TASK PROMPT:
Could you output each line below exactly as it appears, excluding any pictures?

Start of MATERIAL PROVIDED

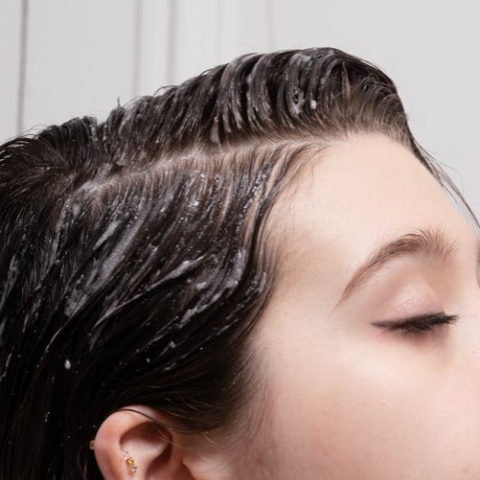 3. Rincez abondamment à l’eau tiède, puis poursuivez avec votre shampoing habituel.
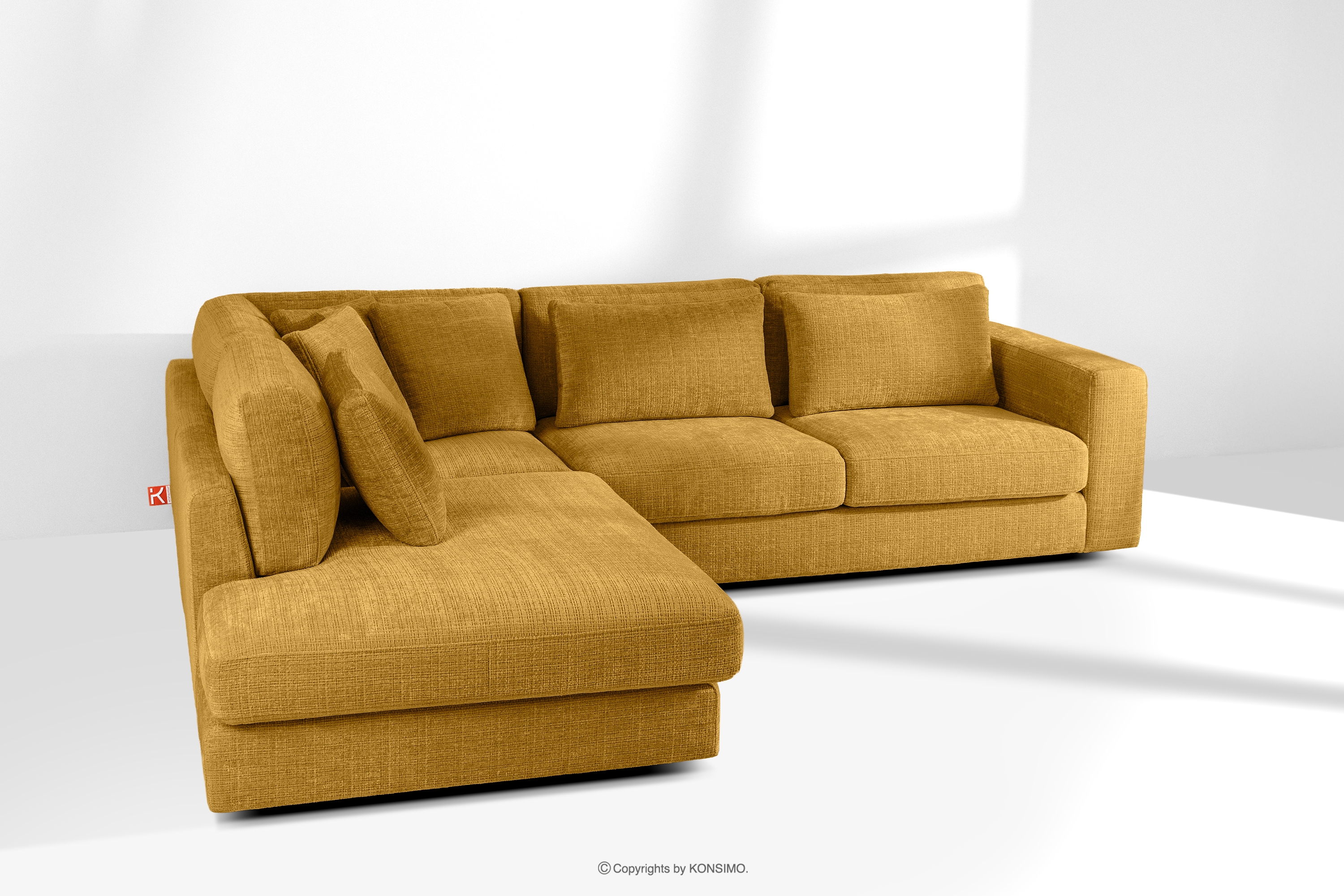 Großes Ecksofa aus Chenille-Stoff links gelb ist die Quintessenz zeitloser Eleganz und unvergleichlichen Komforts, entworfen für die anspruchsvollsten Nutzer. Es ist ein Möbelstück, das mit Stolz den Titel „KLASSIKER ÜBER KLASSIKERN” trägt und edle Handwerkstradition mit innovativen Lösungen für maximale Ergonomie verbindet. Der Sitz dieses einzigartigen Ecksofas wurde auf der Grundlage hochwertiger Polstergurte und 17 cm dickem HR 30/120-Schaumstoff konstruiert, die eine solide und elastische Basis bilden.
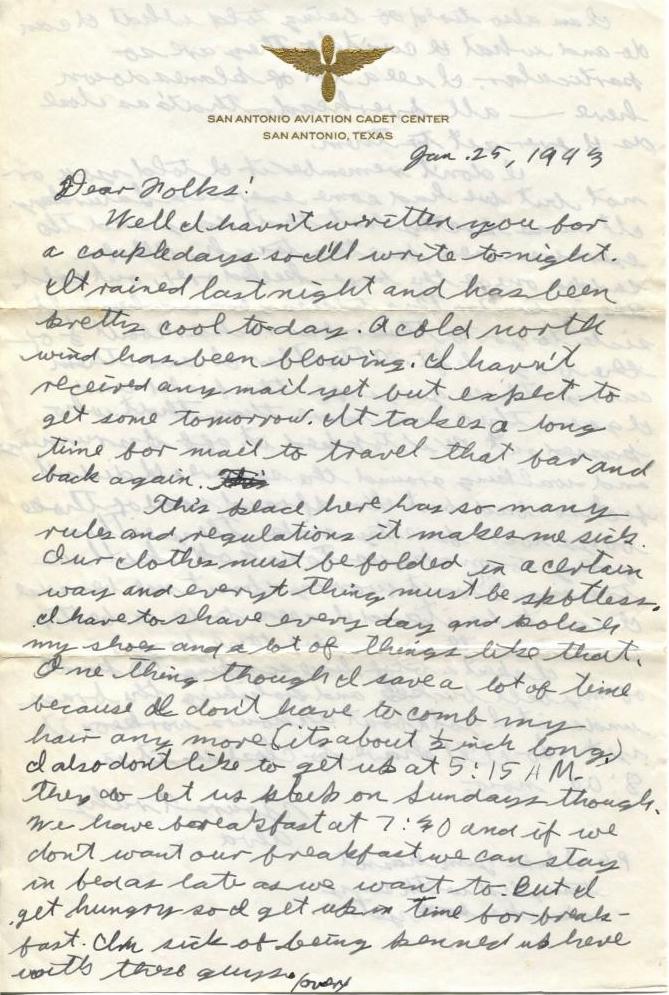 This place here has so many rules and regulations it makes me sick. Our clothes must be folded in a certain way and everything must be spotless. I have to shave every day and polish my shoes and a lot of things like that. One thing though I save a lot of time because I don’t have to comb my hair any more (it’s about 1/2 inch long). I also don’t like to get up 5:15 A.M. They do let us sleep in on Sundays though. We have breakfast at 7:30 and if we don’t want our breakfast we can stay in bed as late as we want to. But I get hungry and get up in time for breakfast. I’m sick of being penned up here with these guys.

End of MATERIAL PROVIDED

RESULT OF THE TASK:
 3. Rincez abondamment à l’eau tiède, puis poursuivez avec votre shampoing habituel.
 Großes Ecksofa aus Chenille-Stoff links gelb ist die Quintessenz zeitloser Eleganz und unvergleichlichen Komforts, entworfen für die anspruchsvollsten Nutzer. Es ist ein Möbelstück, das mit Stolz den Titel „KLASSIKER ÜBER KLASSIKERN” trägt und edle Handwerkstradition mit innovativen Lösungen für maximale Ergonomie verbindet. Der Sitz dieses einzigartigen Ecksofas wurde auf der Grundlage hochwertiger Polstergurte und 17 cm dickem HR 30/120-Schaumstoff konstruiert, die eine solide und elastische Basis bilden.
 This place here has so many rules and regulations it makes me sick. Our clothes must be folded in a certain way and everything must be spotless. I have to shave every day and polish my shoes and a lot of things like that. One thing though I save a lot of time because I don’t have to comb my hair any more (it’s about 1/2 inch long). I also don’t like to get up 5:15 A.M. They do let us sleep in on Sundays though. We have breakfast at 7:30 and if we don’t want our breakfast we can stay in bed as late as we want to. But I get hungry and get up in time for breakfast. I’m sick of being penned up here with these guys.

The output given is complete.